Miles gave a start. For a moment, he was violently angry. There it was again, that pattern of imitation. She had not changed in the least; she had come back here to compete with him again. He no longer considered himself a playwright, but that was how the public remembered him. She must have read his thoughts. “I’m not going to take up boxing,” she murmured, twitting him, with a little air of apology, which he thought was in poor taste. He rose on his dignity. “Don’t apologize,” he said. He had always been a magnanimous man and he took comfort in the thought. He had always told Martha, he recalled, that she had a wonderful ear for dialogue. He had no doubt, once he thought about it, that she could write a very clever little comedy. “That’s great,” he said, warmly. “You’ve found yourself at last. I always said you could do a play.” “I remember,” said Martha.
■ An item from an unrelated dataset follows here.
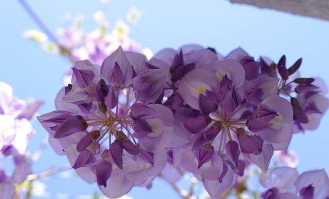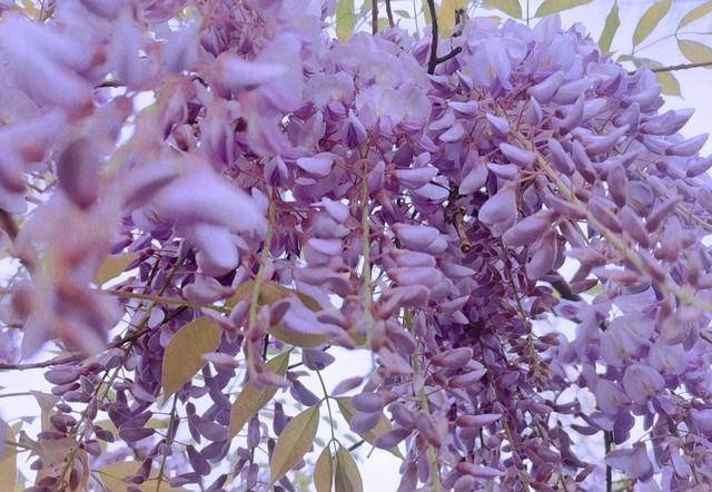 所以在印象中,藤萝开花时就如温婉可人的浪漫女子,穿着紫衣,灿若云霞,风情万种。而开成花海的紫藤萝尤其迷人。在如丝的春雨过后,一串串云霞般的紫藤花从枝条上挂下来,最底下是紫红色,由下往上颜色越来越浅,上面逐渐变成淡紫色,花瓣紫中带蓝,花瓣中间的花蕊是嫩黄色,远看更觉得娇艳浪漫。

“And you’ll bring something to it that I never had,” he continued, his friendliness increasing, for he truly loved the arts and suffered here in this sterile region from the absence of young shoots of talent to spring up around him. He was nearly fifty-five, now, and Warren Coe, who was close to his own age, was the only bud of promise he had been able to detect in the area; the rest were all blasted. Everybody was “artistic,” and nobody was an artist. “Yes,” he nodded. “Practical experience of the theater. That’s the thing. I don’t mean exits and entrances—anybody can manage that side of it. I mean a feeling for the medium—the grand imposture of the whole thing. It’s a make-believe world that the layman doesn’t get the hang of. Nobody can write a real drama who hasn’t smelled the grease paint; it’s like somebody composing music who’s never played an instrument.” Martha gave a deprecating shrug. “I don’t know,” she said. “Actors and actresses have written some terrible plays. Bernhardt, remember?” “Ah,” said Miles, “but there was Shakespeare, and Molière and O’Neill.” “On the other hand, there was Shaw,” she answered. “And Congreve and Wilde.” “Wilde was a lifelong actor,” protested Miles.